It is time for economists to admit that they are stumped. Four years after being blindsided by Lehman Brothers’ collapse, the profession is still stumbling in the dark. Policymakers and pundits still make confident pronouncements, but the conclusions are radically different. The expert disagreements give away the truth: ignorance reigns.
Here are six crucial questions which professionals should stop pretending they can answer:
1) What creates retail inflation?
If, as some economists think, ample supplies of money push up prices, then the current inflation rates of around 2 percent are inexplicably low. After all, monetary and fiscal policies have never been as generous. If, as other professionals believe, prices fall when there is excess supply of goods and labour, then inflation rates are inexplicably high. Production is still well below trend levels and unemployment rates have rarely been as high.
2) How do financial asset prices affect the real economy?

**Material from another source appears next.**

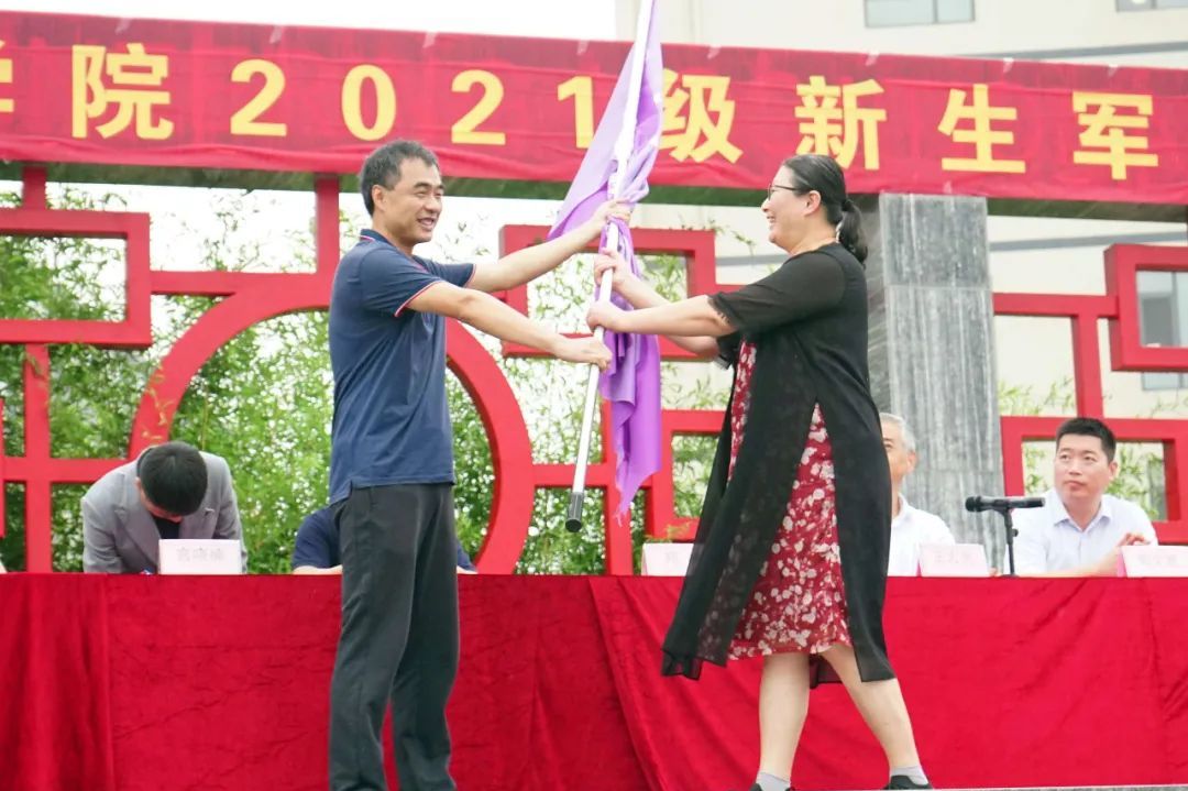 仪式最后,郑峰副院长向军训团授旗并宣布军训开始。

Before the credit bubble burst, most economists believed high prices in financial markets were a sign and a cause of a strong economy. Now bull markets seem more dangerous. But then again, low or falling asset prices seem to discourage economic activity, and they are presumably more dangerous when leverage levels are high.

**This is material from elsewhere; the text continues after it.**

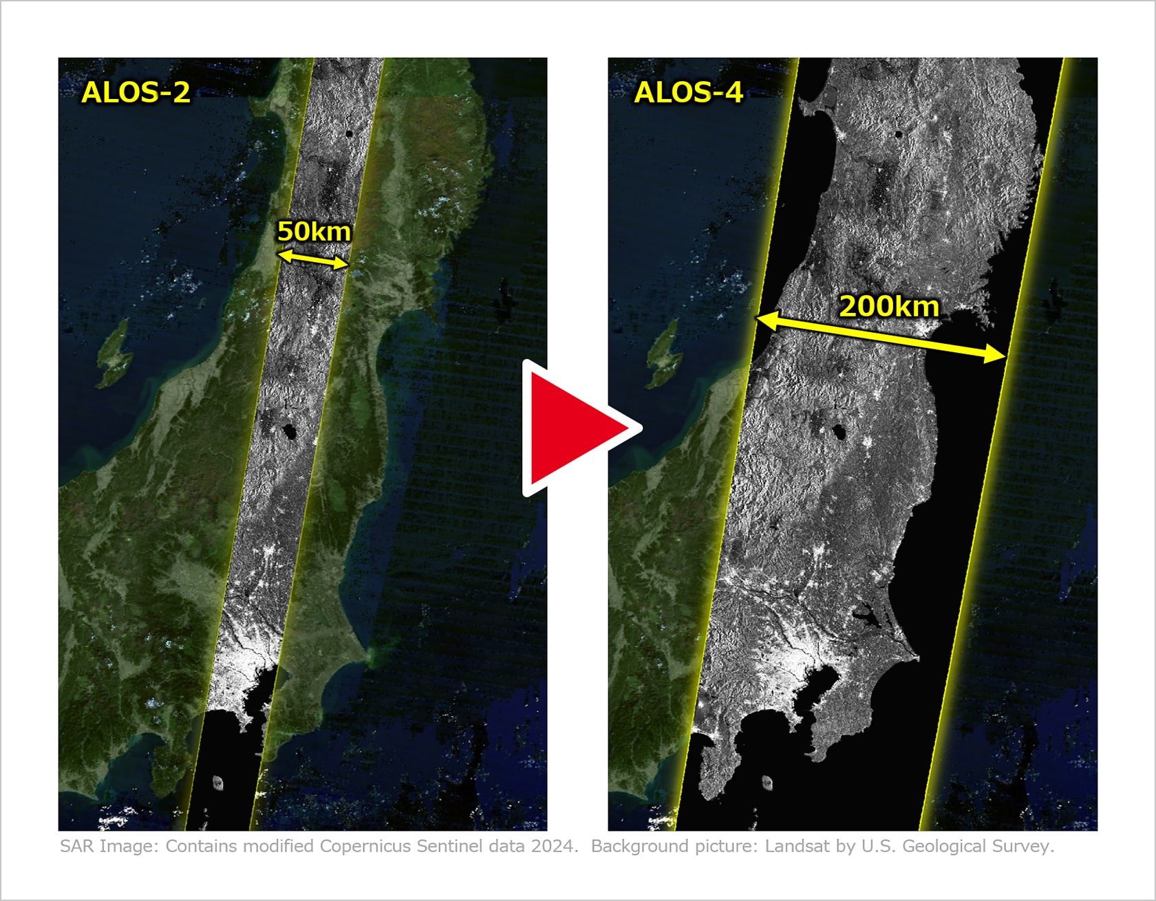 ALOS-2’s observation swath is 50km in high resolution, which means that it takes about 56 days for it to observe throughout Japan and can supply observation data for entire Japan no more than four times a year. On the other hand, it only takes 14 days for ALOS-4, which has a significantly enhanced swath of 200km, to observe all over Japan. As a result, ALOS-4 can supply observation data for entire Japan as many as 20 times a year.

3) Do big fiscal deficits damage the economy?
Austerity fans are persuaded that deficits are harmful, stimulus fans are equally certain they are not. The evidence, from Japan, Europe and the United States, is inconclusive. The largest government budget shortfalls ever in peacetime have neither clearly held back nor obviously increased either GDP growth or employment. The situation might have been much worse with smaller deficits, or the current high deficits may actually be storing up terrible trouble of some sort for later. No one really knows.